(Task statement) Keep the pictures out. Restate the entries below word for word.
※
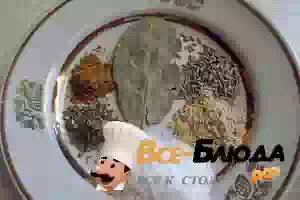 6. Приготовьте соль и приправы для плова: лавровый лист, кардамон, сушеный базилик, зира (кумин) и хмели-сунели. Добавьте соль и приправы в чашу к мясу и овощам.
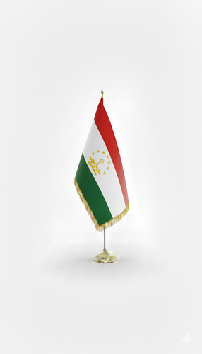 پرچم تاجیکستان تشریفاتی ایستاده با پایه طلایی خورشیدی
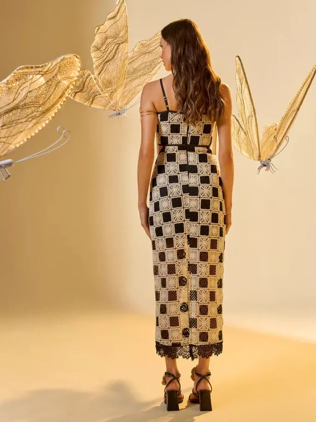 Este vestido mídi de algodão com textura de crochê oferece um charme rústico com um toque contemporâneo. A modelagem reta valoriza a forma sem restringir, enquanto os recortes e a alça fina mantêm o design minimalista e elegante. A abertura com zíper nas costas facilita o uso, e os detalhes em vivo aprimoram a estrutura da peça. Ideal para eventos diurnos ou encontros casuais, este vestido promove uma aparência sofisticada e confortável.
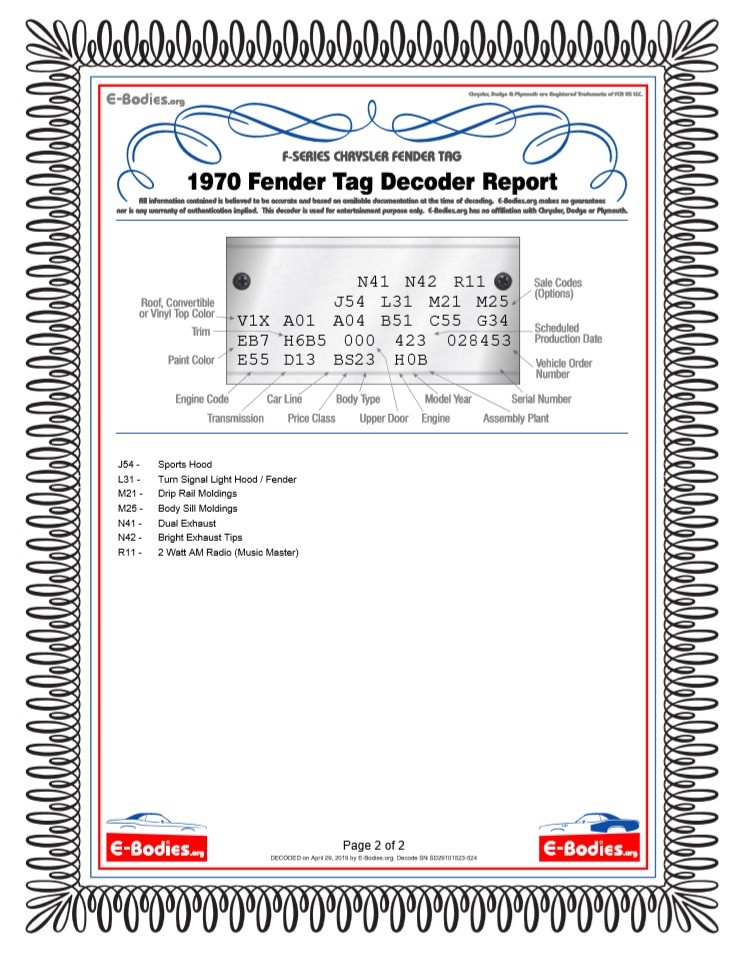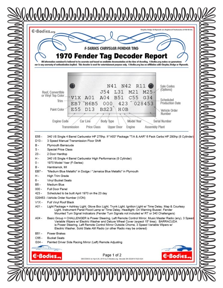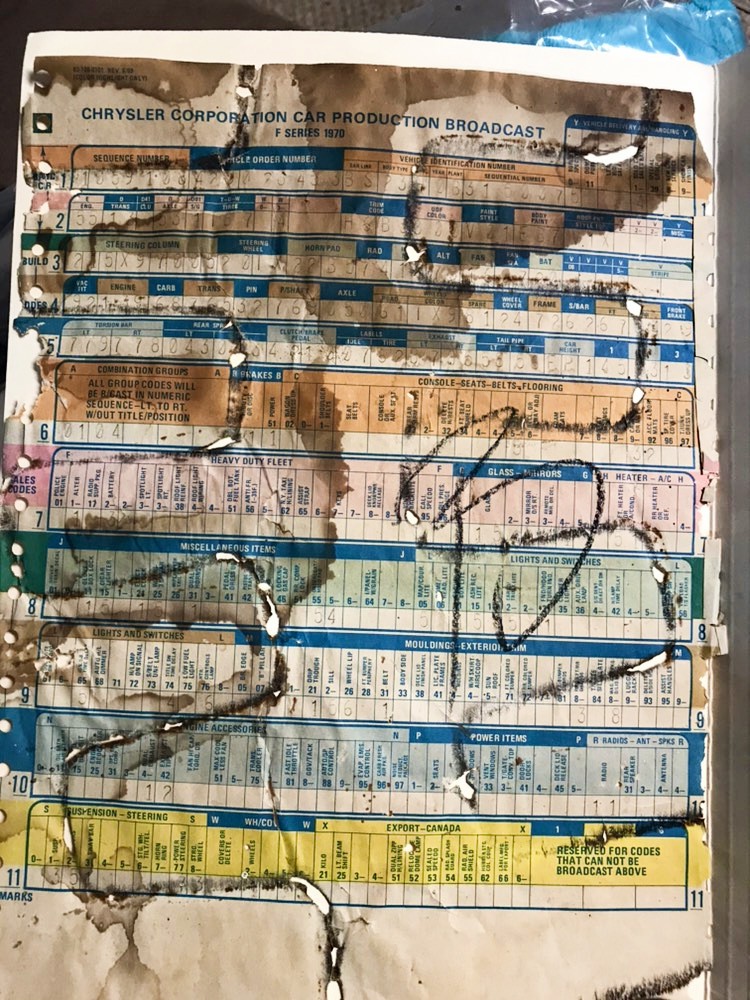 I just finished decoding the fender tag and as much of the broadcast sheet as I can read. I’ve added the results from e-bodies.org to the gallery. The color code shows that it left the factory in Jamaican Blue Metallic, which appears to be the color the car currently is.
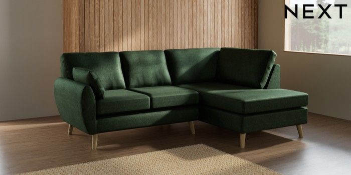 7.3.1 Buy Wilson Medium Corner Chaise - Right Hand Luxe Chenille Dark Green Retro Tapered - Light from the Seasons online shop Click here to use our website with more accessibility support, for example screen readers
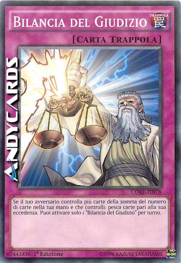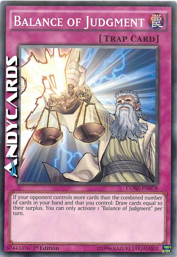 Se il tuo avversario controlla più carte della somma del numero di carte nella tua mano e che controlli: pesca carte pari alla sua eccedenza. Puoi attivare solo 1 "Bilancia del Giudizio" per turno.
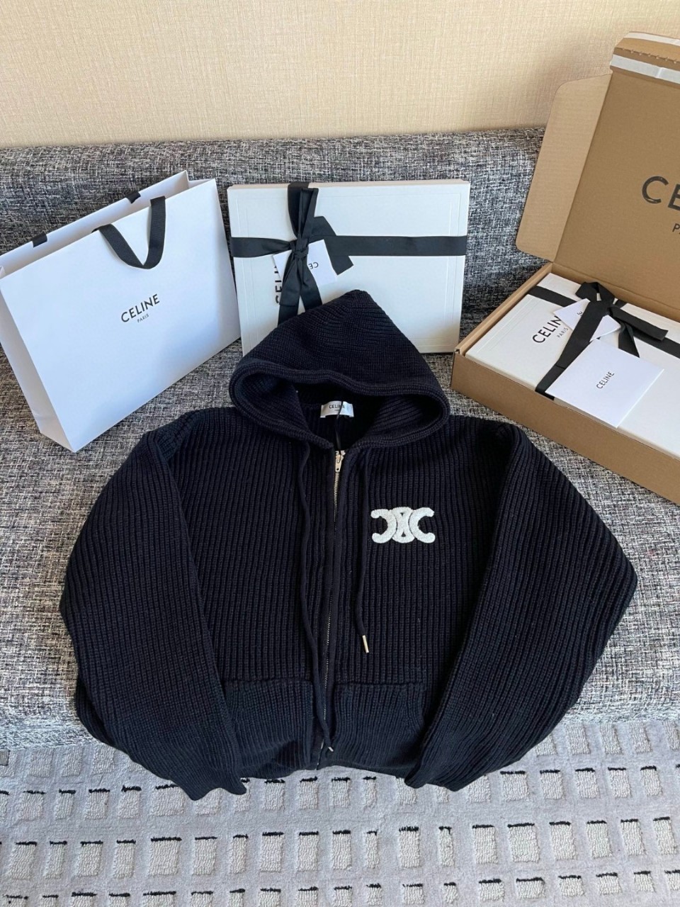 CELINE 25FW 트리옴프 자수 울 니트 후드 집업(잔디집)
※
(Solved problem)
 6. Приготовьте соль и приправы для плова: лавровый лист, кардамон, сушеный базилик, зира (кумин) и хмели-сунели. Добавьте соль и приправы в чашу к мясу и овощам.
 پرچم تاجیکستان تشریفاتی ایستاده با پایه طلایی خورشیدی
 Este vestido mídi de algodão com textura de crochê oferece um charme rústico com um toque contemporâneo. A modelagem reta valoriza a forma sem restringir, enquanto os recortes e a alça fina mantêm o design minimalista e elegante. A abertura com zíper nas costas facilita o uso, e os detalhes em vivo aprimoram a estrutura da peça. Ideal para eventos diurnos ou encontros casuais, este vestido promove uma aparência sofisticada e confortável.
 I just finished decoding the fender tag and as much of the broadcast sheet as I can read. I’ve added the results from e-bodies.org to the gallery. The color code shows that it left the factory in Jamaican Blue Metallic, which appears to be the color the car currently is.
 7.3.1 Buy Wilson Medium Corner Chaise - Right Hand Luxe Chenille Dark Green Retro Tapered - Light from the Seasons online shop Click here to use our website with more accessibility support, for example screen readers
 Se il tuo avversario controlla più carte della somma del numero di carte nella tua mano e che controlli: pesca carte pari alla sua eccedenza. Puoi attivare solo 1 "Bilancia del Giudizio" per turno.
 CELINE 25FW 트리옴프 자수 울 니트 후드 집업(잔디집)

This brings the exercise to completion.